Alaska Airlines will feed the Seattle operation with their airplanes, not Delta jets, not Delta crews.

1. Status quo? Where's the fire?
2. "For now"

No meaningful furlough protection for those hired after 2001.

Define "meaningful".

The reason this is happening is for growth and stability. There was no meaningful furlough protection FOR ANYBODY if both carriers went forward as stand-alones.

It appears a few stand-alone Legacy airlines might be furloughing soon. It appears the newly-merged DAL will not.

No effective commuter policy. With the addition of our Northwest brothers, the majority of Delta pilots will be commuters. There are no seats in back and not enough seats up front. When the airplanes begin getting shifted around the system, we will need positive space for communting. The Company also has the need for us to get to work.

You think "hats" is a touchy subject? Let's talk about "commuter rights"...and steps that should be taken to ensure a better quality of life for those who choose to live away from their base.

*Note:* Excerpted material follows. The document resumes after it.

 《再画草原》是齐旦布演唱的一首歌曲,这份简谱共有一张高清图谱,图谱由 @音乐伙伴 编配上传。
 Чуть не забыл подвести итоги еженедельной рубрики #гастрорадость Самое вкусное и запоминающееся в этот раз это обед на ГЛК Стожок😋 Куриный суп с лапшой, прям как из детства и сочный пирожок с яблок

We have a very successful "Call in Honest" program at NWA. That, combined with the ability of commuters to book jumpseats before non-commuting pilots, ought to work until this lash-up reaches something close to "stability" (base-wise).

O.R.
Yes Voter.
 
I agree we need to get positive space commute from anywhere in the US. It should not be a conflict with duty time and we can write it in the JPWA to pacify management. It would cost very little as long as we could do it no sooner than five to seven days out and there had to be availability on the aircraft. It really is simple enough. That or put more mini bases around.
 
I agree we need to get positive space commute from anywhere in the US. It should not be a conflict with duty time and we can write it in the JPWA to pacify management. It would cost very little as long as we could do it no sooner than five to seven days out and there had to be availability on the aircraft. It really is simple enough. That or put more mini bases around.

Yeah...that'll solve any revenue problems!

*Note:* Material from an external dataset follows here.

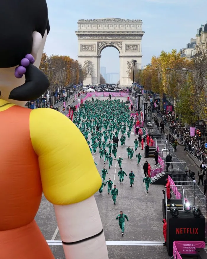 La atmósfera en los Campos Elíseos fue electrizante, con fanáticos vistiendo uniformes icónicos de la serie y una réplica de la siniestra muñeca que domina el juego de luz roja – luz verde. Este icónico elemento sirvió como el centro de atención, llevando a los participantes a revivir la adrenalina y el suspenso que caracteriza al programa.

Bump paying pax so you can live in East MommyTown.

*chortle*
 
See? There's something else I need to learn about Delta. At Delta, "Positive Space" means you go ahead of other non-revs.

At Northwest, it means...um...positive space.
 
Yeah...that'll solve any revenue problems!

Bump paying pax so you can live in East MommyTown.

*chortle*
Why not? The fractionals do it and it appears to be one of the better parts of their contracts.
 
Anyone have additional perspectives? I'm earnestly curious what Delta and Northwest pilots think.

We gave up the chance to open Section 6 next year with LOA 19. The JPWA gives us a 4 year+ deal with payraises that barely keep up with inflation must less recapturing anything lost in the blood bath leading up to BK. As you mentioned there is no real fix on scope and the chances of a DL west coast domestic operation look slim to none with the Alaska codeshare. Many look at this as our last chance to have any leverage with management. The combined company may be too big to have any credible strike threat. If we vote it down because it didn't meet our expectations for the next contract though, we're the A holes. No need for that though because NWA will almost certainly get their own LOA 19 while both sides work on a new JPWA.

I've heard people say we're lucky to be getting anything from the merger. I think that misses the point that if this passes we've basically signed our next contract here a little over a year early at one of the worst times for the aviation industry.
 
Last edited:
Positive space at DL means positive space just like it does at NW. I don't know what the other guy was talking about.

He was probably talking about an S1 or so (like an F1 at NWA).

Another DL nicety about nonrevving.. there is no F or Y nonrev priority. On any level of pass, if there are first class seats open and youre the next NRSA on the list, then you get a first class seat.